START Supplied information
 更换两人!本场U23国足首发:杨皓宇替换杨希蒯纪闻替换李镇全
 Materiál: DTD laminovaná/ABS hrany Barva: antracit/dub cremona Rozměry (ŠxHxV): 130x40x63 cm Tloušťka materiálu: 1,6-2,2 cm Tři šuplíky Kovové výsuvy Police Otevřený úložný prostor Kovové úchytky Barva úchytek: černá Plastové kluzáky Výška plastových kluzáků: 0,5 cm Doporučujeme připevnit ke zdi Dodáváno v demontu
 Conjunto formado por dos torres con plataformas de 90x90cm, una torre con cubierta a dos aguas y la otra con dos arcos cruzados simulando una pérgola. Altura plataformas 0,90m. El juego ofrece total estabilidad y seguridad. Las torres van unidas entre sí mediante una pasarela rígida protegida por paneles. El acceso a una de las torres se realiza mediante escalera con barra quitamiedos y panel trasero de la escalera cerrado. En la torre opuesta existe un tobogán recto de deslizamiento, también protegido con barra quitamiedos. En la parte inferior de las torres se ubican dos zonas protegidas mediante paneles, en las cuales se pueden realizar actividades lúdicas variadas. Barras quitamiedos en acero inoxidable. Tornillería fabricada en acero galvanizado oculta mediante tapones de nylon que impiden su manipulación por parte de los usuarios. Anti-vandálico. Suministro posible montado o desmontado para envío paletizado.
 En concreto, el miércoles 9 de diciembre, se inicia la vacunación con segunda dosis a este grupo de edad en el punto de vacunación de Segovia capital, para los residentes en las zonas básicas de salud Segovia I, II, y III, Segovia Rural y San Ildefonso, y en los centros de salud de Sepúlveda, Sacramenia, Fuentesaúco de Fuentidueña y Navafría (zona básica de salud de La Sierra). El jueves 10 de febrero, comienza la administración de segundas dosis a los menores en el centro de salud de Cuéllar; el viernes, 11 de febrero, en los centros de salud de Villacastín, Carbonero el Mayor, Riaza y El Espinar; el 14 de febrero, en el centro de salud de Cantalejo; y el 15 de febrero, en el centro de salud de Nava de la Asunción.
END Supplied information
START Supplied information
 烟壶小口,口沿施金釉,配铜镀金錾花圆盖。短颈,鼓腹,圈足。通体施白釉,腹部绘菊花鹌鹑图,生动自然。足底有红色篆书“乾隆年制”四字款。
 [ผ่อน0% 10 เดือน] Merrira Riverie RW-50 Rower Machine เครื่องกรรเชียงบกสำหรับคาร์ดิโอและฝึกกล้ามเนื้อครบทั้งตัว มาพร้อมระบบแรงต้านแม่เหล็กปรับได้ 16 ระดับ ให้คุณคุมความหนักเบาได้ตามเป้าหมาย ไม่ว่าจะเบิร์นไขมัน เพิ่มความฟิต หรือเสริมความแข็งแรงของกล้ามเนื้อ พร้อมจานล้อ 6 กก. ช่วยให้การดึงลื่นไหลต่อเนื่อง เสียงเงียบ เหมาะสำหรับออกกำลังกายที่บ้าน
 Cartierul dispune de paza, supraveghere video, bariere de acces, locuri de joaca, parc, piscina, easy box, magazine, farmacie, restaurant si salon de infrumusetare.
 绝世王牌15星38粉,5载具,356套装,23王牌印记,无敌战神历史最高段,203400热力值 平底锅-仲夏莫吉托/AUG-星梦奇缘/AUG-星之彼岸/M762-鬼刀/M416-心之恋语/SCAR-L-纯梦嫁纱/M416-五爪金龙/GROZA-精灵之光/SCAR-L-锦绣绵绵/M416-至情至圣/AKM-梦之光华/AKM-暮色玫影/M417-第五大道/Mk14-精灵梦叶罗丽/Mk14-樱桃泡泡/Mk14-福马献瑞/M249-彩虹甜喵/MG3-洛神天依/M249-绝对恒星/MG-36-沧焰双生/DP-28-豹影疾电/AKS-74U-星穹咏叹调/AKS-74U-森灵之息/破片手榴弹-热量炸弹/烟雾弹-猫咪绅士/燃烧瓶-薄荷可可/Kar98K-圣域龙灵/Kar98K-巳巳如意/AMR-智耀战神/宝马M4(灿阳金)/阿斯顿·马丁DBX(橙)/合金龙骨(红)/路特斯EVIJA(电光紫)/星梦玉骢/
END Supplied information
Instructions for the task: Would you please repeat exactly the lines above, starting at the line with "烟壶小口,口沿施金釉,配铜镀" and stopping at the line with "Cartierul dispune de", both included?

Answer to this problem:
 烟壶小口,口沿施金釉,配铜镀金錾花圆盖。短颈,鼓腹,圈足。通体施白釉,腹部绘菊花鹌鹑图,生动自然。足底有红色篆书“乾隆年制”四字款。
 [ผ่อน0% 10 เดือน] Merrira Riverie RW-50 Rower Machine เครื่องกรรเชียงบกสำหรับคาร์ดิโอและฝึกกล้ามเนื้อครบทั้งตัว มาพร้อมระบบแรงต้านแม่เหล็กปรับได้ 16 ระดับ ให้คุณคุมความหนักเบาได้ตามเป้าหมาย ไม่ว่าจะเบิร์นไขมัน เพิ่มความฟิต หรือเสริมความแข็งแรงของกล้ามเนื้อ พร้อมจานล้อ 6 กก. ช่วยให้การดึงลื่นไหลต่อเนื่อง เสียงเงียบ เหมาะสำหรับออกกำลังกายที่บ้าน
 Cartierul dispune de paza, supraveghere video, bariere de acces, locuri de joaca, parc, piscina, easy box, magazine, farmacie, restaurant si salon de infrumusetare.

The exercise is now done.